🤖 AI Summary
Existing video models struggle to accurately recognize critical actions—such as drawing a weapon—in high-risk, highly dynamic body-worn police camera scenarios, lacking fine-grained understanding of real-world law enforcement interactions. To address this gap, this work introduces the first egocentric video benchmark tailored to high-stakes policing contexts, constructed from rigorously curated real officer-civilian encounters. The dataset features second-level annotations of rare yet pivotal enforcement behaviors and includes classification and multiple-choice question-answering tasks to evaluate model performance under conditions of intense motion and complex contextual dynamics.
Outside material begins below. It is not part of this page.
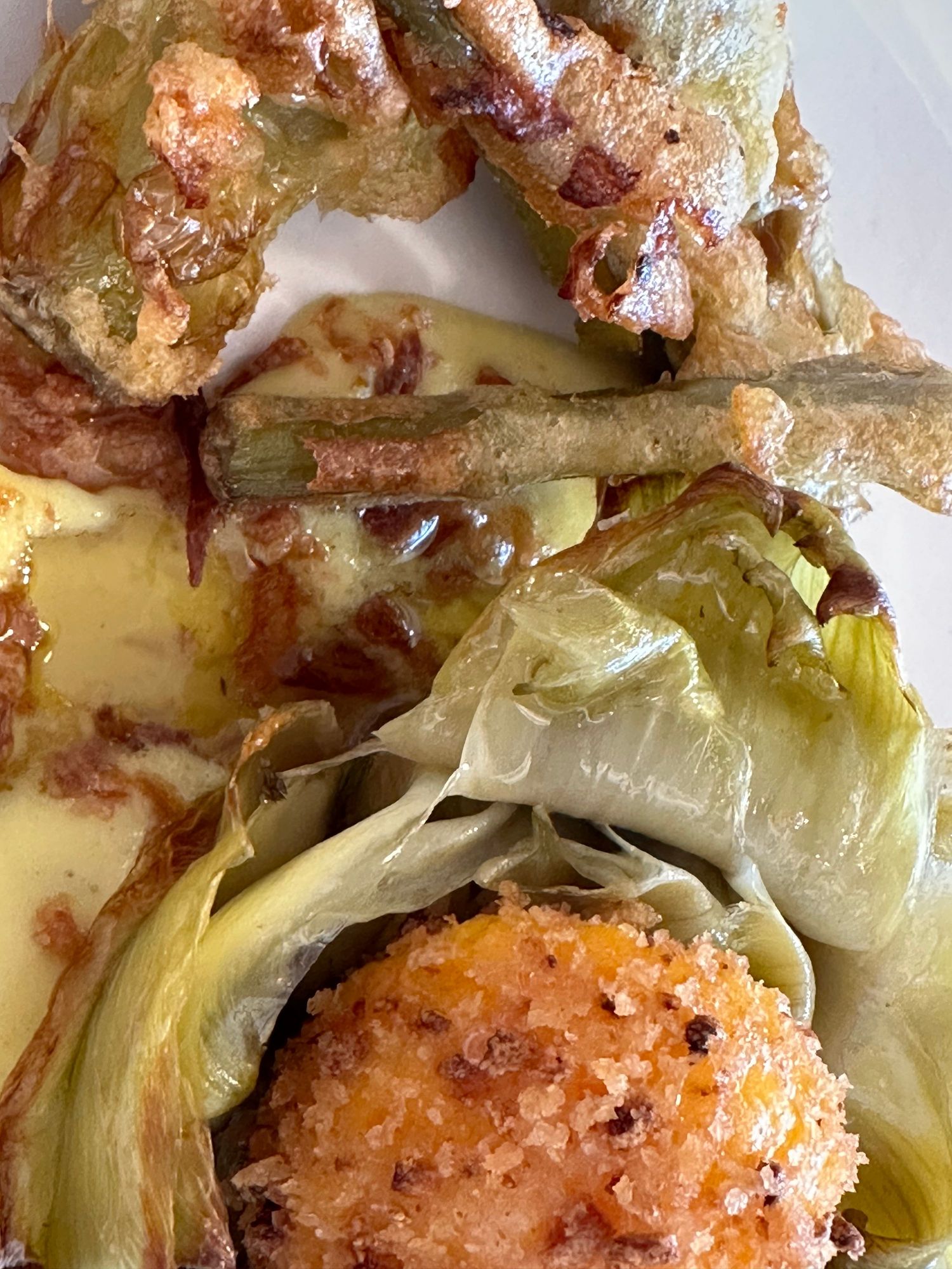 Closeup of the artichoke dish; why are there so few great artichoke dishes offered at restaurants in New York City? They are either those huge Globe artichokes, stuffed with bread crumbs, or thinly sliced, fried, and salted.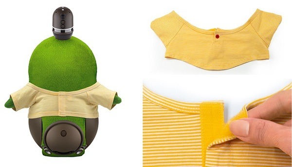 衿にあるシンプルなカラーボタンが遠くからでも目を引くデザインとなっており、後ろ身頃はマジックテープ仕様になっていて着せ付けも簡単。LOVOTも、専用の服である『LOVOTウェア』をお着替えすると喜ぶため、自分好みのお洒落でLOVOTとのスキンシップを楽しめる。

Experiments reveal that even state-of-the-art video foundation models, such as Gemini 2.5 Pro, exhibit significant shortcomings on these tasks, underscoring the benchmark’s difficulty and establishing a technical foundation for efficient human-in-the-loop review of执法 footage.
📝 Abstract
We introduce EgoPolice, a carefully curated dataset of real, egocentric police-civilian interactions, sourced from publicly available body-worn camera videos. We select police-civilian action labels that are critical for police behavioral research and annotate them at a second-by-second granularity. The videos feature rapid and irregular camera motion, dense human interactions, and rare high-stakes events, making the dataset a challenging benchmark for motion-robust and context-aware egocentric perception. We provide two different tasks, classification and multiple-choice question-answering, and benchmark both open-source and closed-source models. We find that even the best video models like Gemini 2.5 Pro still struggle to accurately predict high-risk actions such as "Weapon Out". Beyond serving as a benchmark, EgoPolice provides a foundation for developing models capable of identifying events of interest in large-scale body-worn camera video repositories, enabling more efficient downstream human review.